**EXERCISE:** Apart from pictures, transcribe exactly each line from the one containing "TRUFFA – Bank" through the final line of the listing below.
━━ PROVIDED INFORMATION
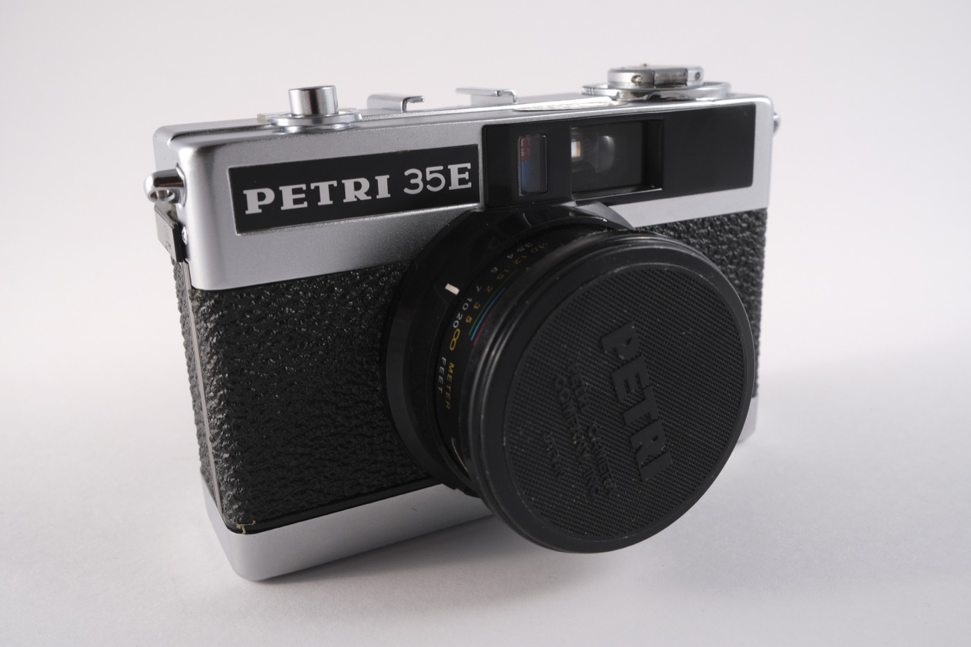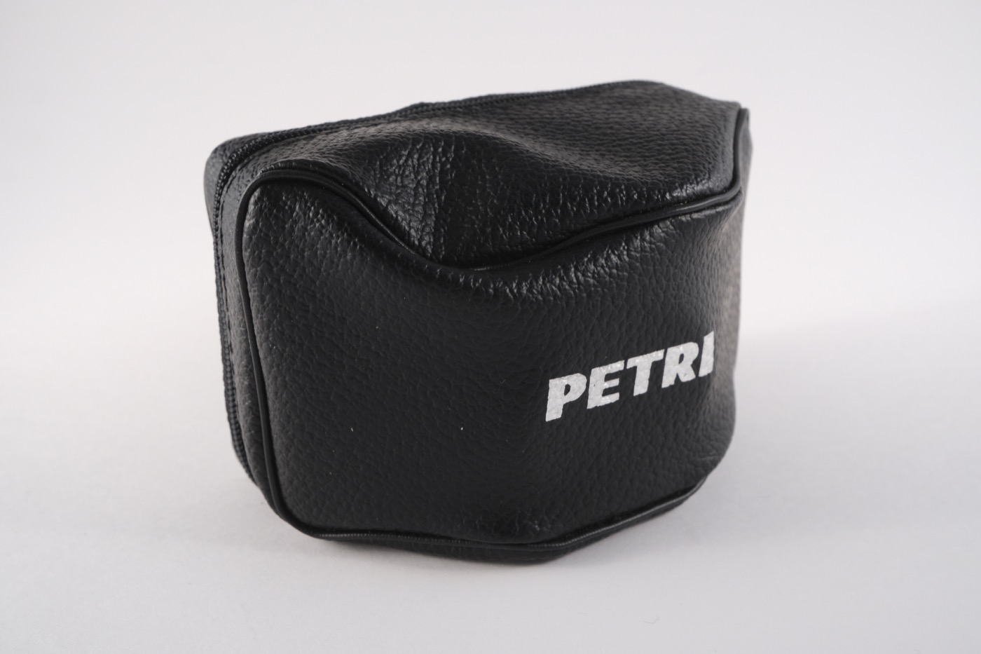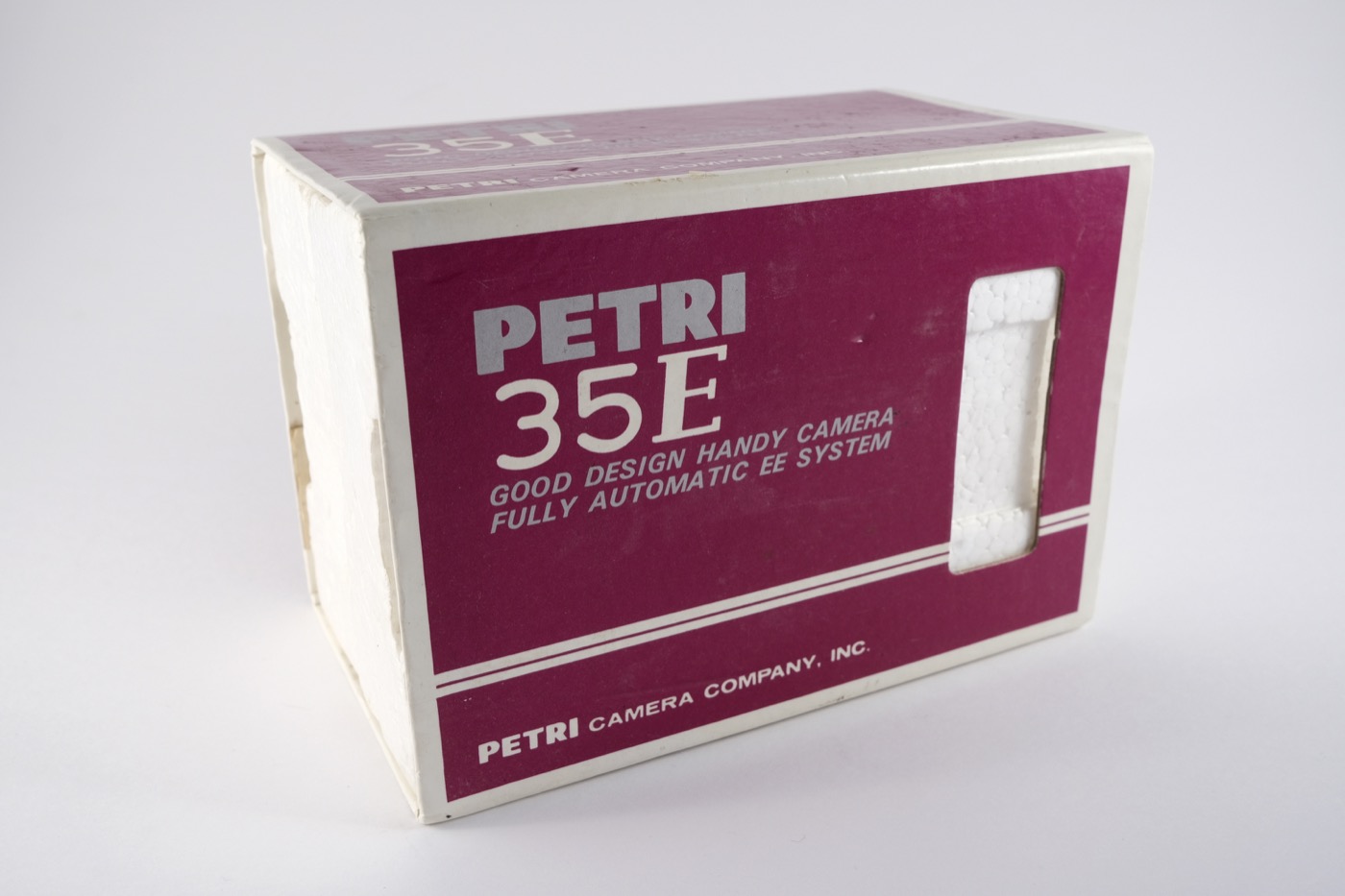 Petri 35E 35mm film camera, in its original box. The camera has a 40mm f/2.8 lens. Original lens cap and soft case.
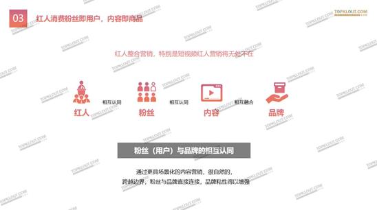 在红人营销的实际过程中,粉丝通过红人的推荐购买产品,表示粉丝对于红人本身及所输出的内容、所推荐产品的认同。
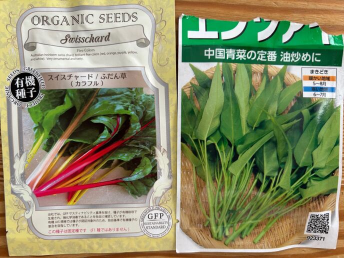 ひとつめは、左側のパッケージのスイスチャード。別名西洋ふだん草といいます。
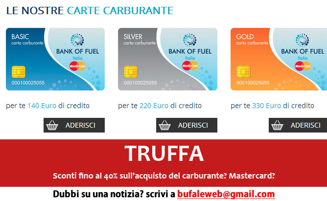 TRUFFA – Bank of Fuel Italia e le schede prepagate per la benzina – Bufale.net
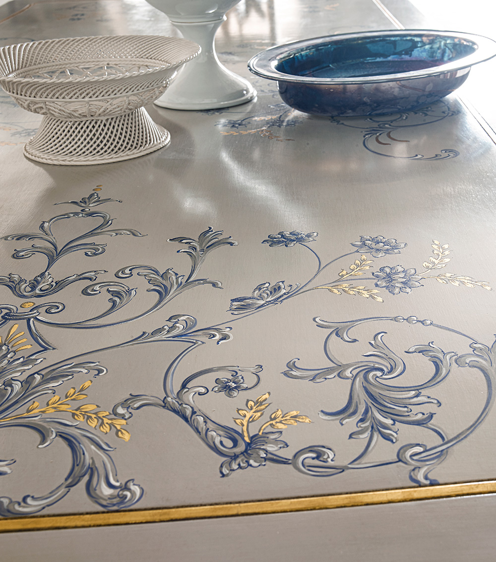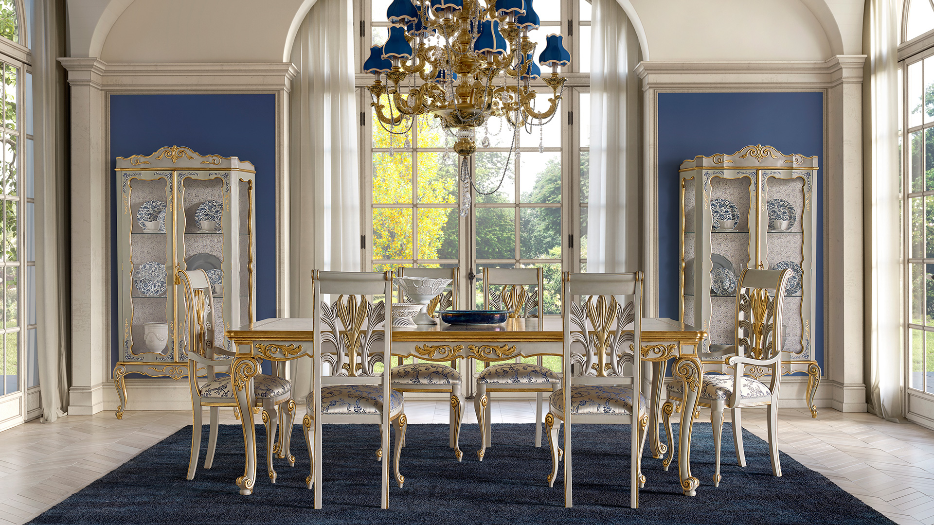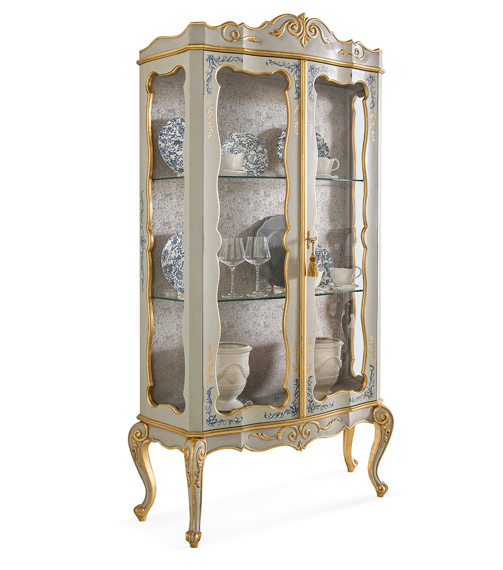 This new display cabinet of the OPERA collection sublimely showcases ANDREA FANFANI®’s fine virtuosity. The hand-painted decorations of the panels cover every area around the glass windows and emphasize their shapes. The feet, proposed in the classic Baroque form, have been embellished with gold foils on the engraved decorations and rear parts. The same type of decoration is present as well on the chairs and the paired table which complete this refined and harmonious interior
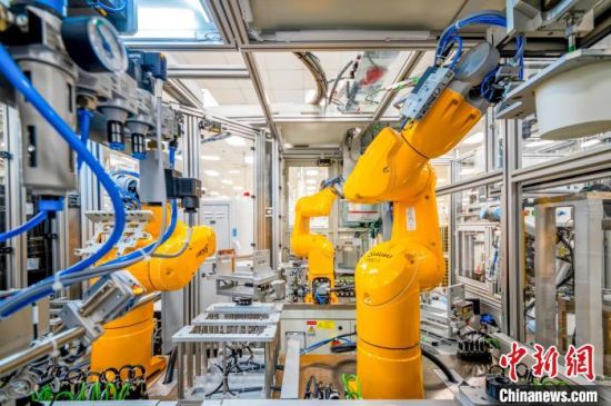 中新網(wǎng)長春4月20日電 (記者 郭佳)在長春一家汽車電子工廠,AGV機(jī)器人來回穿梭將物料精準(zhǔn)送到生產(chǎn)線指定位置,一排排工業(yè)機(jī)器人靈活地組裝工件。
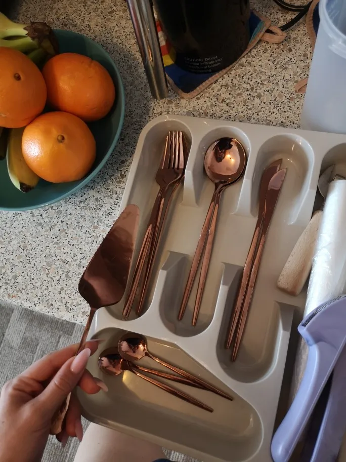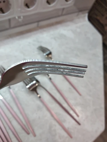 Потрясающие приборы! Заказывала в период ноябрьских распродаж, пришли аккурат под новый год и стали отличным украшением стола. Очень удобные и изящные. Ножи острые и хорошо режут мясо. Цвет розовый, как и хотела, под общее оформление гостиной.
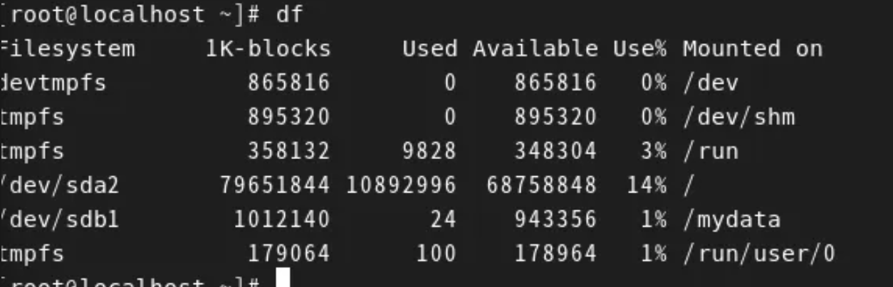 위 명령어로 현재 연결된 디스크를 확인할 수 있는데, 재실행을 해도 자동으로 /mydata에 /sdb1이 연결된 것을 확인할 수 있습니다.
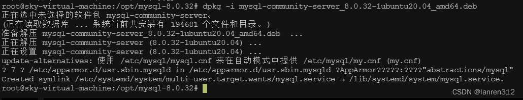 - dpkg -i mysql-community-server_8.0.32-1ubuntu20.04_amd64.deb
━━━━
**EXERCISE RESULT:**
 TRUFFA – Bank of Fuel Italia e le schede prepagate per la benzina – Bufale.net
 This new display cabinet of the OPERA collection sublimely showcases ANDREA FANFANI®’s fine virtuosity. The hand-painted decorations of the panels cover every area around the glass windows and emphasize their shapes. The feet, proposed in the classic Baroque form, have been embellished with gold foils on the engraved decorations and rear parts. The same type of decoration is present as well on the chairs and the paired table which complete this refined and harmonious interior
 中新網(wǎng)長春4月20日電 (記者 郭佳)在長春一家汽車電子工廠,AGV機(jī)器人來回穿梭將物料精準(zhǔn)送到生產(chǎn)線指定位置,一排排工業(yè)機(jī)器人靈活地組裝工件。
 Потрясающие приборы! Заказывала в период ноябрьских распродаж, пришли аккурат под новый год и стали отличным украшением стола. Очень удобные и изящные. Ножи острые и хорошо режут мясо. Цвет розовый, как и хотела, под общее оформление гостиной.
 위 명령어로 현재 연결된 디스크를 확인할 수 있는데, 재실행을 해도 자동으로 /mydata에 /sdb1이 연결된 것을 확인할 수 있습니다.
 - dpkg -i mysql-community-server_8.0.32-1ubuntu20.04_amd64.deb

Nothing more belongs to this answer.